Blumberg and lead author Mary Rogers, Ph.D., of the University of Michigan Health System, analyzed patient records in 40 hospitals, from admission to 30 days after discharge. All had received coronary artery bypass graft surgery from 2003 to 2006. They found that 30 percent of variation in transfusion practices seemed to be due to widely varied practices among hospital sites.

Also, blood use among women patients ranged from 72.5 percent to 100 percent, and blood use among men varied from about 50 percent to 100 percent. Transfusions with donor blood were associated with infections of the genitourinary system, respiratory tract, bloodstream, digestive tract and skin, the study said.

The risk of death in the hospital was nearly 5 times greater among patients who received a blood transfusion, and the risk of death in the next 30 days was nearly three times greater. Some of the risk may've been due to the underlying condition that led to transfusion but an increasingly convincing body of evidence demonstrates that some of the effect is almost certainly due to the transfusion itself, Blumberg said.

Blood transfusions are extremely common in the United States. Some of the typical reasons for transfusions include prevention of anemia and improving oxygen delivery in heart failure.

Blumberg has been a long-time advocate for fewer transfusions and, when they are necessary, for using blood from which the donor's white cells have been removed. This process, called leukoreduction, is believed to diminish the chances of infection and inflammation, research has shown.

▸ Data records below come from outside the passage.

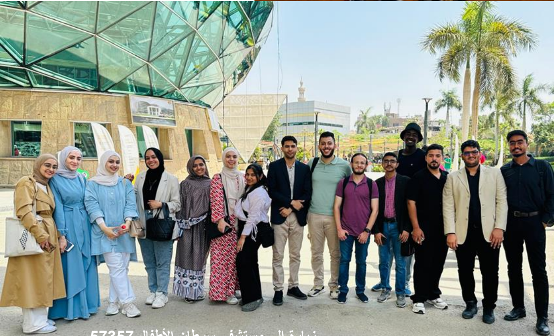
زيارة الى مستشفى سرطان الأطفال 57357
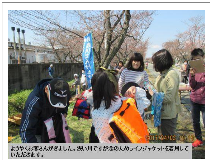
ようやくお客さんがきました。浅い川ですが念のためライフジャケットを着用していただきます。
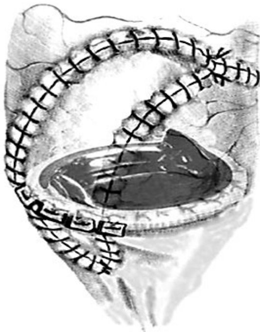
Рис. 3. Схематическое изображение завершенной реконструкции корня аорты и протезирования аортального клапана.

Результаты. Средний диаметр аортального кольца, измеренного во время операции в основной группе, составил 20,8 \pm 1,2 мм (19-23). Расширение аортального кольца заплатой позволило имплантировать протезы на 1 - 3 размера больше, чем было определено измерителем, и избежать развития синдрома несоответствия "пациент-протез". В основной группе удалось имплантировать аортальные протезы диаметром 21 мм – 3 клапана, 23 мм - 23 протеза и 25 мм- 14.
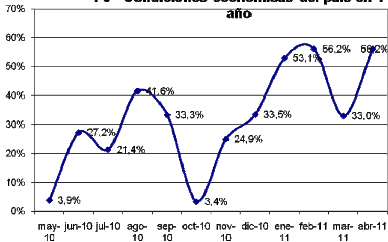
P3 - Condiciones económicas del país en 1 año

El factor que mide las expectativas de la gente acerca de la evolución de su Situación Económica Personal desciende 14,3% impulsado principalmente por un deterioro en el componente que refleja las condiciones presentes del encuestado.
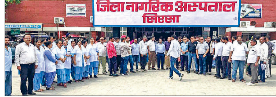
सिरसा। जिला नागरिक अस्पताल में जियोफेंसिंग आधारित उपस्थिति प्रणाली का विरोध करते कर्मचारी।

हरियाणा सिविल मेडिकल सर्विसेज एसोसिएशन, डेंटल एसोसिएशन, फार्मसी अधिकारी संघ सहित अन्य कर्मचारी संघ जुटे
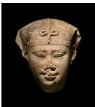
Cabeza de Alejandro Magno

Caliza. Dinastía Ptolemaica, c. 305-30 a. C. Egipto
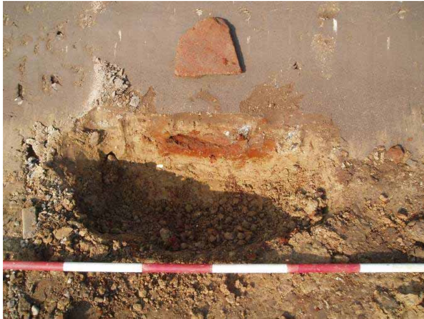
Figur 8. Grube K44 snittet i kant af udgravningsfelt.

Resterne af knuste lerkar fra råstofgruberne kan dateres til den ældste del af førromersk jernalder, ca. 550-300 f. Kr. Det samme gælder formodentlig urnegraven, om end det ikke kan udelukkes, at den er fra den allersidste del af bronzealderen (600-550 f. Kr.). Ingen fund kan dateres til andre dele af oldtiden, og det er vurderingen, at alle anlægssporene i det undersøgte område er fra omtrent samme tid.
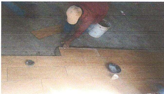
Foto 3: Foto 2: Sustitución de piso de torta de concreto duela de ceramico modulo salon de clases y usos multiples.
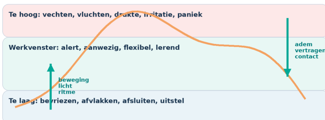
Afbeelding 3. Het werkvenster voor stressregulatie.

Mentale weerbaarheid groeit wanneer je signalen eerder herkent en terugkeert naar je optimale spanningszone.
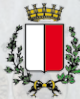
COMUNE DI BARI
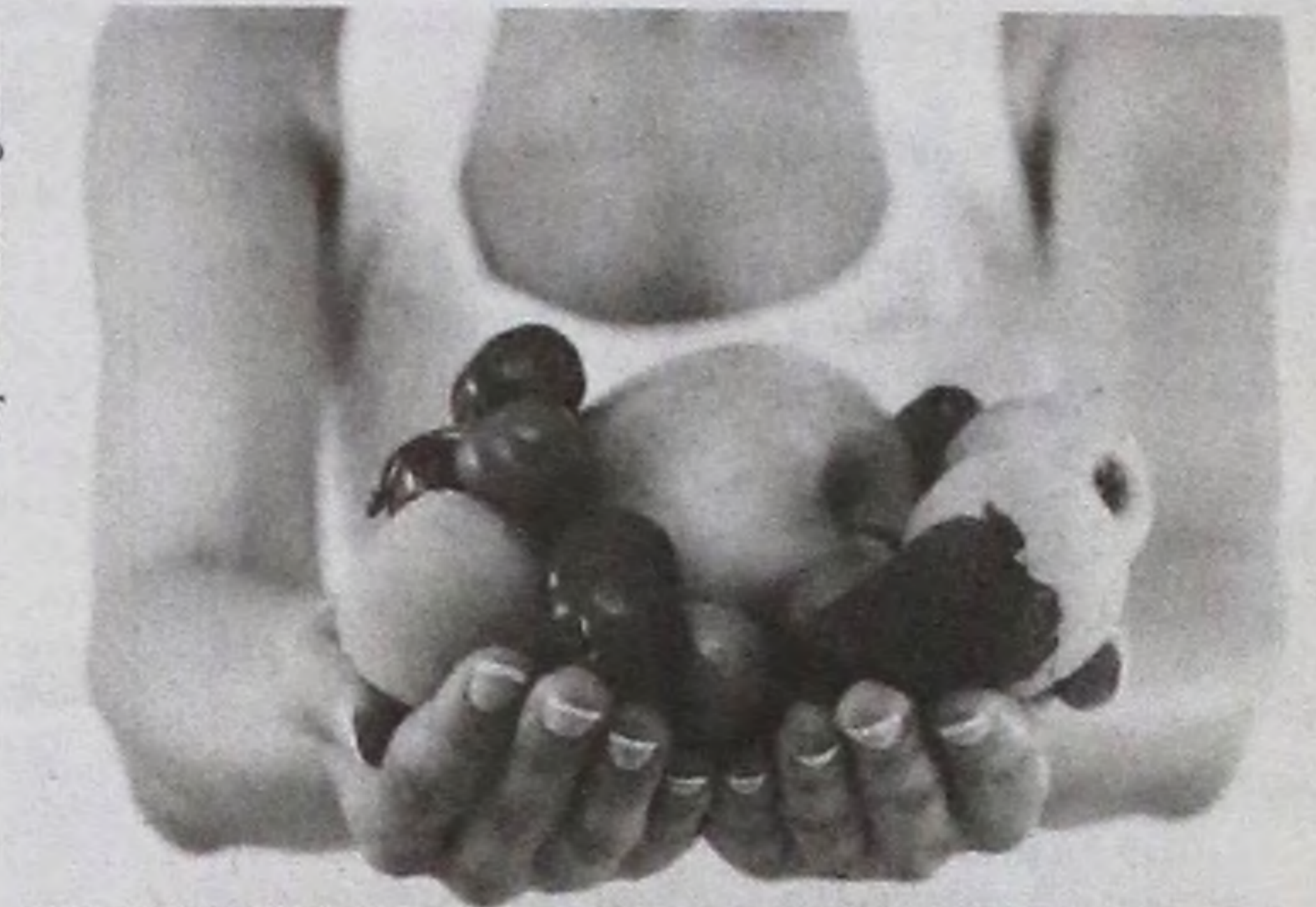
Dieta é elaborada de acordo com cada paciente

Um profissional que atua neste ramo tem como principal objetivo atender as necessidades exclusivas de seus pacientes que variam desde a reeducação alimentar particular ou familiar, manutenção do peso, variação ou adequação do plano alimentar, até a montagem de cardápio diário.
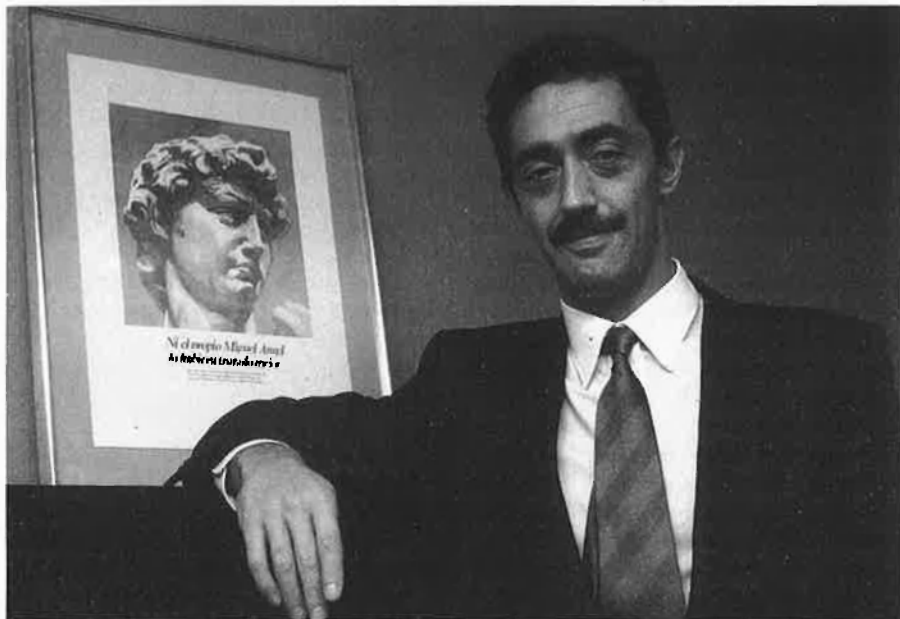
Segons Torres, la por a la Sida ha provocat un augment d'un 15 per cent en l'ús dels condons.

—Amb proves específiques. Es mira, fent servir un sistema de conducció elèctrica, la porositat i els forats que hi pugui haver. Aquesta prova s'anomena d'impermeabilitat. Les altres estan relacionades amb la resistència del làtex, que és la matèria que es fa servir per fabricar-los. La que anomenem de resistència mecànica consisteix a estirar el condó fins que es trenca. Segons la força que s'hagi de fer, és apte o no ho és. L'altre és l'anome-
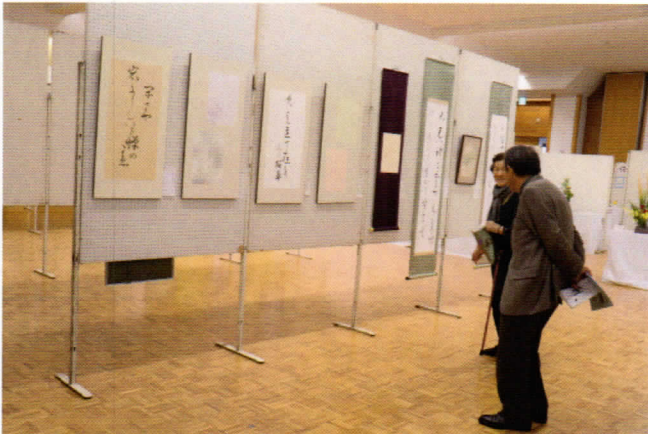
こころに染み入る書の魅力
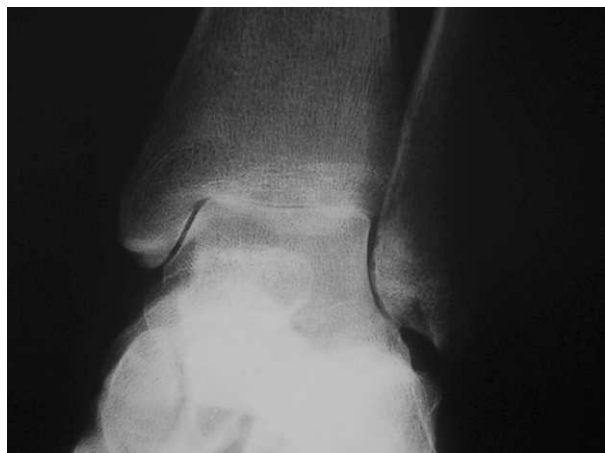
Figura 1. Radiografía de tobillo: deterioro erosivo tibioastragalino.

de Raynaud, 2 pérdidas fetales tardías, síndrome sicca, tumefacción parotídea bilateral intermitente, eritema malar, fotosensibilidad, alopecia, queilitis angular, anticuerpo anti-RNP positivo; nunca presentó deterioro articular o sistémico significativo. En el año 2002 se hallaron títulos de FAN 400 dils, moteado fino, LE positivo, anti-U1RNP, anti-Ro, anti-La positivos, Rose Ragan 128 dils, anti-ADN nativo negativo, anticardiolipinas IgG e IgM negativos, VDRL no reactivo, KPTT normal.
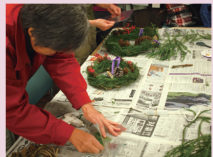
秋の観察会ネイチャークラフトの様子（上賀茂）
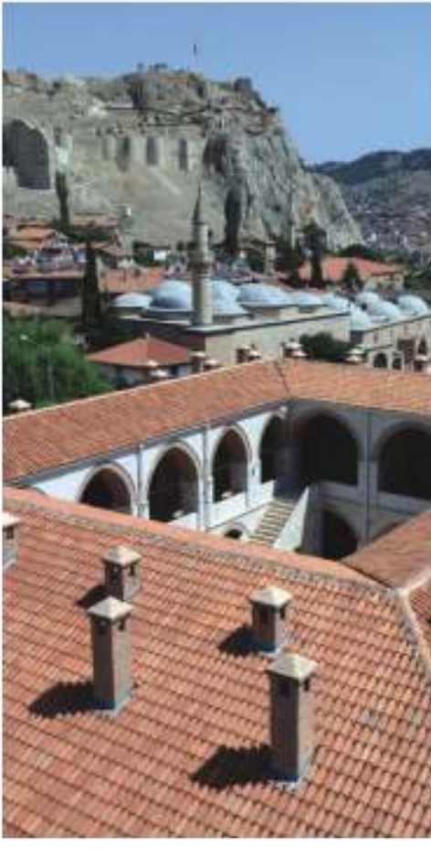
Sulusokak, Devletler Hanı, Tavukçiler Camii, Anıtsal Beşiktaş, Sulu Han, Tokat Kalesi (Sulusokak Street, Devletler Hanı, Tavukçiler Camii, Anıtsal Beşiktaş, Sulu Han, Tokat Kalesi)

BİR ŞEHİR, BİRCOK MEDENİYET one state many civilizations

"Blood transfusions are certainly necessary in life-threatening situations," Blumberg said. "But this study and other studies confirm they should be a last resort, not a first resort, as they often are."

For decades the URMC has been a leader in the study of blood transfusions, and Strong Memorial Hospital at URMC was among the first in the country to begin using leukoreduced blood for all its patients.

More recently, a team at Strong began to further refine the guidelines for blood transfusion. As a result the hospital has already seen a 10 to 15 percent drop in transfusions during the past six months. The improvement program is still in its early stages, and Blumberg said they will closely monitor the use of transfusions at Strong in the coming months.